The Research on Energy-Efficient Optimization of Collaborative Data Gathering with Delay Constraints for Wireless Sensor and Actuator Networks

【作者】 李烁

【导师】 彭军;

【作者基本信息】 中南大学 , 交通信息工程及控制, 2014, 博士

【摘要】 摘要:能效优化是无线传感器-执行器网络(Wireless Sensor and Actuator Network, WSAN)的核心问题之一。近年来,以动态拓扑控制和节点分布式协作为基本策略的协作数据汇聚是提升WSAN能量效率的重要研究方向。

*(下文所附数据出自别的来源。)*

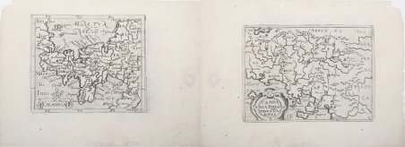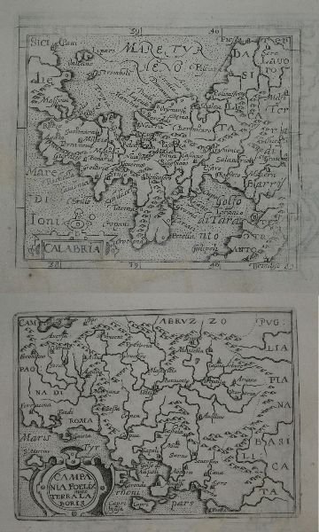 Rarissima carta geografica, due carte stampate al verso e al recto del foglio, tratte dal "Delitiae Italiae et index viatorius, indicans itinera ab urbe Roma ad omnes in Italia". Cyprian Eichovius è lo pseudonimo di Matthias Quad (Deventer 1557 - Colonia 1613). Come spesso succedeva all'epoca per sfuggire alle persecuzioni cattoliche contro i protestanti Matthias Quad usò per la sua attività diversi pseudoni¬mi, tra cui quelli noti di C. Eichovius, M. Quadus, M. Quad von Kinckelbach e quello di Konrad Loew. Fuggito dall'Olanda in Germania nel 1587, studiò ad Heidelberg e divenne poi uno dei più prolifici esponenti della cosiddetta Scuola Cartografica di Colonia, durata per circa mezzo secolo (1570-1620 ca.) e formata principalmente da rifugiati fiamminghi ed olandesi tra i quali spiccano lo stesso Quad e Frans Hogenberg che ne fu il fondatore. Nel 1594 Quad pub¬blica a Colonia Europae, totius terrarum orbis partis praestantissimae descriptio. Nel 1596 ca., sempre a Colonia pubblica Typus Orbis Terrarum, ad Imitationem Universalis Gerhardi Mercatoris, un planisfero sulla base dell'opera marcatoria-na e nel 1600 pubblica il suo primo atlante mondiale autonomo: Geographisch Handtbuch, che è anche il primo edito in lingua tedesca. Nel 1608 ne uscì una edizione in latino Fasciculus Geographicus con quattro mappe inedite incise da Johann Bussemacher, suo assiduo collaboratore. A causa dei suoi numerosi pseudonimi la sua vasta produzione editoriale rimane ancora da identificare completamente. Le carte del Quad ebbero poca fortuna poiché stampate nel periodo dei grandi successi degli atlanti Orteliani; pertanto nessuna ristampa dell’atlante è nota, rendendolo rarissimo e molto ricercato nel mercato antiquario. Rarissima carta geografica, due carte stampate al verso e al recto del foglio, tratte dal "Delitiae Italiae et index viatorius, indicans itinera ab urbe Roma ad omnes in Italia". Cyprian Eichovius è lo pseudonimo di Matthias Quad (Deventer 1557 - Colonia 1613). Come spesso succedeva all'epoca per sfuggire alle persecuzioni cattoliche contro i protestanti Matthias Quad usò per la sua attività diversi pseudoni¬mi, tra cui quelli noti di C. Eichovius, M. Quadus, M. Quad von Kinckelbach e quello di Konrad Loew. Fuggito dall'Olanda in Germania nel 1587, studiò ad Heidelberg e divenne poi uno dei più prolifici esponenti della cosiddetta Scuola Cartografica di Colonia, durata per circa mezzo secolo (1570-1620 ca.) e formata principalmente da rifugiati fiamminghi ed olandesi tra i quali spiccano lo stesso Quad e Frans Hogenberg che ne fu il fondatore. Nel 1594 Quad pub¬blica a Colonia Europae, totius terrarum orbis partis praestantissimae descriptio. Nel 1596 ca., sempre a Colonia pubblica Typus Orbis Terrarum, ad Imitationem Universalis Gerhardi Mercatoris, un planisfero sulla base dell'opera marcatoria-na e nel 1600 pubblica il suo primo atlante mondiale autonomo: Geographisch Handtbuch, che è anche il primo edito in lingua tedesca. Nel 1608 ne uscì una edizione in latino Fasciculus Geographicus con quattro mappe inedite incise da Johann Bussemacher, suo assiduo collaboratore. A causa dei suoi numerosi pseudonimi la sua vasta produzione editoriale rimane ancora da identificare completamente. Le carte del Quad ebbero poca fortuna poiché stampate nel periodo dei grandi successi degli atlanti Orteliani; pertanto nessuna ristampa dell’atlante è nota, rendendolo rarissimo e molto ricercato nel mercato antiquario. Cfr.

本文以重载桥梁和路基长期安全状态监测的WSAN为研究背景,采用增强学习、协作通信和博弈论等理论和方法,研究执行器路径规划、多执行器负载平衡和节点干扰抑制等问题,提出WSAN中时延约束下的能效优化机制。主要工作包括以下几个方面:论文从应用于监测重载桥梁和路基的WSAN实例出发,分析了时延约束下多执行器WSAN能效优化的重点和难点,提出了基于移动数据汇聚和协作通信干扰抑制的WSAN系统架构,首先构建具有能量感知的动态拓扑,以此为基础选择轮询点,再规划执行器采集信息的路径;然后针对多执行器情况,采用在线模糊Q学习方法对网络进行自适应分区,保证多个执行器间的通信负载和能耗均衡;针对执行器采集信息过程中相邻节点间存在的数据干扰,提出基于协作通信和博弈论的干扰抑制方法。为实现低数据汇聚时延、高能量效率、高可靠性的WSAN提供一套有效的解决方案。提高网络能效,优化网络生存时间是WSAN的核心目标。论文针对多跳路由数据汇聚的负载均衡问题,选择网络数据汇聚轮询点。首先根据传感器节点的剩余能量构造网络动态生成树;在全局拓扑信息可得的场景下提出基于入度优先的轮询点选择算法,在只能获得局部拓扑信息的场景下提出基于节点通信负载的轮询点选择算法。选择的轮询点作为局部网络数据的汇聚点以分散化、区域化的方式限制网络的路由跳数,均衡网络能耗。针对WSAN的实时性要求,本文提出时延约束下的移动执行器的赛道寻优路径规划算法。以轮询点为执行器路径规划停留的参考位置,将执行器的路径规划问题转换为旅行商问题;考虑轮询点通信半径,采用基于赛道寻优的最近邻点启发式算法,求解执行器遍历所有轮询点的最优移动轨迹;同时将网络数据汇聚的时延约束转换成执行器的移动距离约束,作为算法的迭代收敛条件,保证网络数据汇聚实时性,并通过建立和求解空间域最优规划模型提供算法性能评估。对多执行器场景,论文提出一种在线模糊Q学习的能耗均衡自适应分区算法。将每个执行器作为具有学习和决策能力的智能体,实时获取网络中传感器节点的能量和分布状态信息;再使用模糊推理机制离散化位置和能量分布状态,构建Q学习的状态空间和Q函数;根据当前的网络能量分布状态选择具有最大回报值的分区中心位置,并产生对应的Voronoi划分,实现能耗均衡的分区自适应调整。WSAN中突发数据导致的相邻节点间的数据发送干扰是影响数据传输效率的重要问题。本文提出了一种基于协作数据汇聚的干扰抑制机制。首先将协作通信技术引入WSAN,通过协作中继转发和协作干扰转发的方式提升节点的抗干扰能力;然后考虑到节点自私特性,引入频谱共享机制激励中继节点参与协作干扰抑制;采用斯坦伯格博弈方法对协作干扰抑制过程进行分析;再通过求解博弈均衡来选择最优的策略进行协作信息传输,得到一种干扰情况下的协作数据传输方法。该方法可抑制节点间的干扰影响,确保数据公平、合理的协作传输。仿真实验验证了算法的有效性。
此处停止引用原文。